My son gave me a Benchmade Bugout for my retirement. I like it a lot.


----------



## LostinTexas (Oct 1, 2018)

Since someone woke this thread up, LostWife handed me this on Fathers Day morning, along with a big kiss and a cup of coffee. BPS Knife
I spent the day putting a patina on the steel, and oiling the scabbard and handles. Both were very thirsty. It has been a companion in the yard. and done all I asked. It reminds me of an old school paring knife in size and construction, but no complaints. Seems to be very tough and holds a nice edge. A very nice addition.
I think I like the Morakniv handle better, but it does check a lot of boxes.


----------



## JamesCC (Mar 21, 2019)

LostinTexas said:


> Since someone woke this thread up, LostWife handed me this on Fathers Day morning, along with a big kiss and a cup of coffee. BPS Knife
> I spent the day putting a patina on the steel, and oiling the scabbard and handles. Both were very thirsty. It has been a companion in the yard. and done all I asked. It reminds me of an old school paring knife in size and construction, but no complaints. Seems to be very tough and holds a nice edge. A very nice addition.
> I think I like the Morakniv handle better, but it does check a lot of boxes.
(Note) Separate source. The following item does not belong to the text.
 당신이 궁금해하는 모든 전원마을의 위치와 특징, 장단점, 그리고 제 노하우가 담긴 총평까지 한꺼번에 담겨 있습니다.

What a great Father’s Day for sure….glad you shared to the post


----------



## LostinTexas (Oct 1, 2018)

JamesCC said:


> What a great Father’s Day for sure….glad you shared to the post


Thanks. Finished product. The blade turned a dark gray, and the scabbard is several shades darker than original. Holding up and making an impression.







Click it to enlarge


----------



## corneileous (Feb 17, 2018)

I bought this one a couple of months ago while on vacation and although it’s a nice knife, I don’t think I would recommend it because they did a lousy job with the belt clip. It’s short for a rather large pocket knife and not only did they skimp out on the size, they also only used one little screw to attach the belt clip to the handle. I send mine in for repair but it’s still a lousy design. 
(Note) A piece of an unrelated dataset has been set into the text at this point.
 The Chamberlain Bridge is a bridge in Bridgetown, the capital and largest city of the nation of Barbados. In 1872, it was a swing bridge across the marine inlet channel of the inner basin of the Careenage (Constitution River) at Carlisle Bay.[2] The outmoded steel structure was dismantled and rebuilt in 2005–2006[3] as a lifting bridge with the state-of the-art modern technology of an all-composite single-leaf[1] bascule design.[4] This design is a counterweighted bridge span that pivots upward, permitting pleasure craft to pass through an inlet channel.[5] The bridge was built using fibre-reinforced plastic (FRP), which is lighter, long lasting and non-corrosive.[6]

I’ve got a Bench Made folding knife which I love and I also have a fairy cheap Kershaw Ken Onion pocket knife and a SOG that came from Walmart. They’re great knives. 
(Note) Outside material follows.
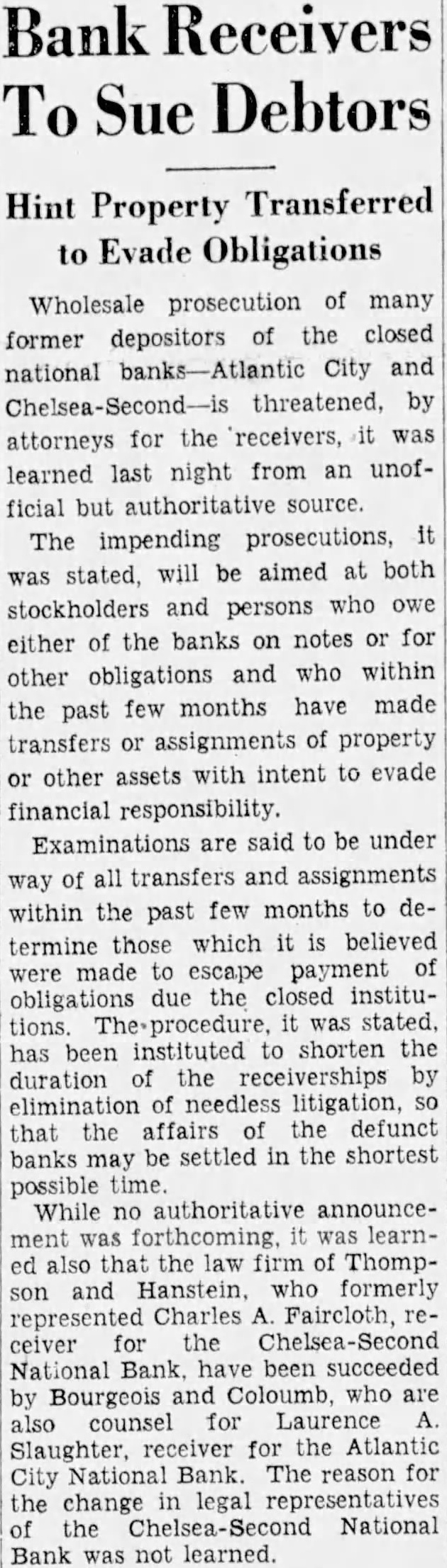 Hint Transferred Property to Evade Obligations Wholesale prosecution of many depositors of the closed former City and national by attorneys for the receivers, last night from an unoflearned ficial authoritative source. The impending prosecutions, will be aimed at both stated, stockholders who owe persons the banks on notes for either and who within other obligations few months made the past transfers assignments of property assets with intent to evade other financial responsibility. Examinations are said to be under way of all assignments the few months to dewithin past those which believed termine made escape payment the closed instituobligations tions. been instituted shorten the has duration the receiverships by elimination of needless that affairs defunct banks settled in the shortest may possible time. While no authoritative announcement learnthat law firm of ThompHanstein, formerly Charles ceiver the National Bank. have been succeeded Bourgeois and Coloumb, who counsel Laurence receiver for the Atlantic National Bank The reason for City the change legal National Bank was not learned.

Sent from my iPhone using Tapatalk


----------



## SSGN_Doc (Mar 12, 2020)

Terava Jaakaripuukko was my most recent knife purchase.


----------



## JamesCC (Mar 21, 2019)

That’s a sweet setup!


----------



## Clingun (Jan 5, 2021)

SSGN_Doc said:


> Terava Jaakaripuukko


Just asking, where did you buy this? Thanks!


----------



## SSGN_Doc (Mar 12, 2020)

Clingun said:


> Just asking, where did you buy this? Thanks!


Through a company in Finland. Varusteleka. They sell lots of surplus and outdoor stuff online.


----------